Стежки, дороги, простор — страница 29 из 112

Четыре большие черные лодки одна за другой черкнули носами по песку. Бабы, деды и дети с веселым гомоном двинулись к лодкам, а рыбаки, более сдержанные в выражении своих чувств, потащили навстречу им коричневые охапки сетей, в которых неживым уже серебром переливались неисчислимые сотни силявок. Началась кропотливая работа — выпутывание рыбы из ячеек сети, погрузка в ящики для отправки, когда подойдет рыбхозовский катер.

Вчера старый Вячера, которому и на пенсии не сидится дома, сам выбрал место — надежное, верное. Все четыре тридцатиметровых полотнища сетей, незаметной стеной опущенные в глубину на якорях и поплавках, были теперь густо забиты силявой. Видно, не один ее резвящийся или напуганный щуками косяк напоролся на невидимую капроновую смерть. Как всегда, старая силява засела в ячейках жабрами, а молодь, подсилявники, — пупками. Нежная, жирная рыбка заснула давно, только-только попав в беду, однако и в сети, и в руках, и в ящиках, стоящих на берегу, она приятно пахнет вкусной, соблазнительной свежестью.

— Ну, батька, тоня, брат ты мой, удалась — во!

Сын Вячеры Иван, высокий белобрысый мужчина лет сорока, который с этой зимы вместо отца ходит в бригадирах, вытер руки о штаны и стал сворачивать цигарку.

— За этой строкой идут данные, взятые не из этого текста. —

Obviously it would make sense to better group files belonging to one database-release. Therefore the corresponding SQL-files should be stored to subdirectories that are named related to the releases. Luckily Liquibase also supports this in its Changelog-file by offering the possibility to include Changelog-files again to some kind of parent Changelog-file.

— Сегодня пойдете туда, за Качан, на Митрофаниху, — глубоко пряча гордую радость, показал дед длинной рукой на водяную бескрайную гладь. — Может, ты в лодке покуришь, Иван? Поехали!

— Куда?

— А ведь я вчера говорил.

— Ты опять за свое!.. Ганночка! Эх, лягушонок! Не умеешь сама, так на маму гляди!..

Пухленькая девочка с большими светлыми глазами, очень похожая на отца, возилась с уже измятой и растерзанной рыбкой, тщетно стараясь вытащить ее из ячейки сети. Молодой пестрый и поджарый кот, словно желая помочь малышке, с налета вцепился в рыбку, яростно мурлыча. Девочка крикнула:

— Апсик, чтоб ты сдох!

А отец схватил кота под живот, размахнулся и швырнул его в воду:

— Еще и он, ядри его айн, цвай, драй!..

Это стало сигналом тревоги. Терешка — самый бывалый и наиболее скептически настроенный подволоцкий тигриный свояк — молнией шуганул от воды. За ним — все кошачье поголовье. Пока пестрый поджарый горемыка выбирался из воды, отчаянно молотя лапками, все его соплеменники уже облизывали усы, с заборов и крыш поглядывая на потерянный рай.

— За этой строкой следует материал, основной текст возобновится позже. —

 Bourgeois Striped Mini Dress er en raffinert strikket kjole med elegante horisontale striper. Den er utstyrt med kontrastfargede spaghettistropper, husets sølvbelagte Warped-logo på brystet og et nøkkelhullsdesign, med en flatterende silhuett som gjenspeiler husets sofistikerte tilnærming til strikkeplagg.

Почти никто не смеялся, разве что Ганночка и другие малыши. Глядя на них, улыбнулся и молодой Вячера, скрыв под улыбкой свое раздражение.

— Эх, батька! И вздумалось же тебе, брат ты мой!.. Ну что ж, пойду возьму пилу и топор…

2

Южный берег большого залива, берег, к которому направились старик и Иван, встречает вечно живым шумом соснового бора.

Хорошо здесь, если есть досуг полюбоваться!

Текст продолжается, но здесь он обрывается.